The Earth’s atmosphere is under an increasingly fine-tuned microscope, analyzed with bygone weather balloons still launched twice daily to pioneering satellites that capture the dazzling dances of frosted cloud tops.
It’s all in an effort to predict Mother Nature’s next move — whether tropical cyclone or Alberta clipper — but can fall short if the cornucopia of data feeds into a dullard computer.
This month, two brawny supercomputers the size of school buses will be added to the weather forecasting capacity of the U.S. They are the cherries on top of a multiyear, multi million-dollar improvement to the National Weather Service’s forecast muscle, and will process mountains of calculations for a souped-up Global Forecast System (GFS) weather model.
“The supercomputer enables us to upgrade the model without suffering any lag time in getting information back,” said Robert Molleda, the warning coordination meteorologist for the National Weather Service office in Miami. “We can capture more data and make the calculations even faster.”
The computers’ lickety-split speed is expressed in petaflops. One petaflop equals one quadrillion calculations per second. The addition of the new supercomputers boosts the overall braininess of the league of weather computer heavyweights to 8.4 petaflops.
That means if everyone on Earth was given a calculator and asked to keep up with the supercomputers they would have to perform 1.2 million calculations per second, according to Dave Michaud, director of central processing for the National Weather Service.
“For us, the important thing is the outcomes in terms of our mission to protect life and property,” Michaud said. “We want to give the decision makers the best information possible to help people in high-impact situations.”
It’s a multistep process. Atmospheric readings are gathered worldwide by weather balloons, ships, ocean buoys, airplanes and ground stations. Those readings are fed into the computers, which put them into calculations weather models can use to create a forecast.
Advanced satellites, such as the GOES East, which was launched in the fall of 2016, and the enhanced Joint Polar Satellite System-1, which launched in November, also add to the data going into the computer.
This year’s computing upgrade is part of a 10-year National Oceanic and Atmospheric Administration contract awarded in 2012 and capped at $502 million. About $25 million was added to the budget after Hurricane Sandy devastated the northeast in October 2012, and limitations of the GFS, or American forecast model, were exposed.
The GFS underperformed compared to the model from the European Center for Medium-range Weather Forecasts, or European model, which correctly forecast Sandy’s track toward the East Coast.
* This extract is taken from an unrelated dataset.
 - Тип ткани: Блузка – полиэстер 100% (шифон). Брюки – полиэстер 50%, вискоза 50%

The GFS was outdone again during 2015’s Category 5 Hurricane Joaquin. The GFS and European model disagreed on forecast track with the GFS showing the dangerous cyclone making landfall in the Mid-Atlantic region, while the European had it going out to sea.
The European model won.
Thirty-three crew members aboard the cargo ship El Faro died when it sank in Hurricane Joaquin. The U.S. Coast Guard ultimately determined the captain misjudged Joaquin’s path and “failed to understand the severity of the situation.”
“As other computing centers around the world step up their game, it is vital that the U.S. atmospheric scientists also have access to the computing power they need for continual improvement,” said Bob Henson, a meteorologists and blogger for Weather Underground.
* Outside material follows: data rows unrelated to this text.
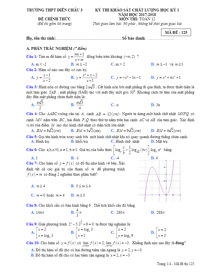 Đề thi học kỳ I lớp 12 môn Toán năm học 2017-2018 trường THPT Diễn Châu 3 Nghệ AnĐề thi học kỳ I môn Toán lớp 12 năm học 2017-2018 của trường THPT Diễn Châu 3 Nghệ An có mã đề 125, bao gồm 4 trang với tổng cộng 35 câu hỏi trắc nghiệm khách quan và 2 bài toán tự luận. Thời gian hoàn thành đề thi là 90 phút, không tính thời gian giao đề bài.Một số câu hỏi trong đề thi:1. Cho hàm số y = f(x) có giới hạn lim f(x) = 2 khi x tiến đến dương vô cùng, lim f(x) = -3 khi x tiến đến âm vô cùng. Khẳng định nào sau đây là đúng? A. Đồ thị hàm số có hai đường tiệm cận ngang là y = 2, y = -3 B. Đồ thị hàm số có hai tiệm cận ngang là x = 2, x = -3 C. Đồ thị hàm số có đúng một tiệm cận ngang D. Đồ thị hàm số không có tiệm cận ngang2. Cho tam giác ABC vuông cân tại A, cạnh AB = 12 cm. Dựng hình chữ nhật MNPQ có cạnh MN nằm trên BC, hai đỉnh P, Q lần lượt trên AC và AB. Xác định vị trí của điểm M sao cho diện tích hình chữ nhật là lớn nhất.3. Cho hình chóp S.ABCD, có đáy ABCD là hình vuông tâm O, cạnh a. Biết SA vuông góc (ABCD), SC = a√3. Tính thể tích khối chóp theo a và khoảng cách từ điểm D đến mặt phẳng (AMN), biết M là trung điểm BC, N là trung điểm trên cạnh SD.Nội dung trên đây giúp bạn hiểu rõ về đề thi toán học kỳ I của lớp 12 tại trường THPT Diễn Châu 3 Nghệ An. Để học tốt môn Toán, hãy rèn luyện và ôn tập thật kỹ trước khi tham gia bài kiểm tra. Chúc bạn thành công!
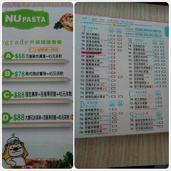 這次選了68元升級套餐(巧達雞肉濃湯+45元飲品)
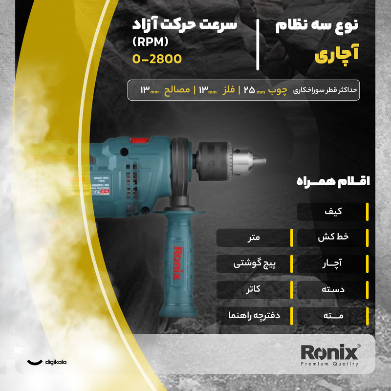 دریل چکشی رونیکس مدل RS 0001 مجموعه 22 عددی
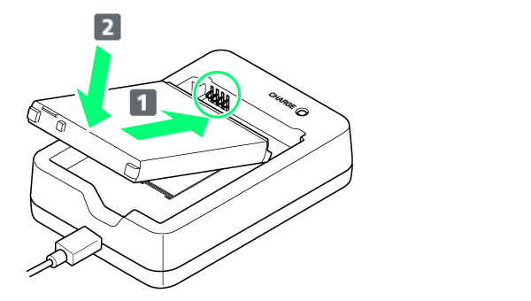ここでは、電池パックをオプション品の電池パック単体充電台[KYKFN1]に取り付けて充電する方法を説明します。

Of the 10 hurricanes and seven tropical storms that formed during the hyperactive 2017 hurricane season, four reports evaluating forecast accuracy have been released by the National Hurricane Center. Those include for tropical storms Arlene, Don, Katia and Rina.
“All mention poor forecasts of formation of the tropical cyclone,” noted Rick Knabb, former NHC director who is now at The Weather Channel, in a tweet this month. “Exemplifies how tropical cyclognesis remains a scientific and operational challenge, and why forecasts are probabilistic.
The new GFS model, which will be used experimentally during the 2018 hurricane season with the new supercomputing capacity, will have increased resolution in more levels of the atmosphere and out for 16 days, versus the current 10 days.
“It’s really about bringing the big picture information and large-scale weather systems into better resolution and applying the information as much as possible to local weather,” Molleda said. “It will help us provide more accurate information sooner.”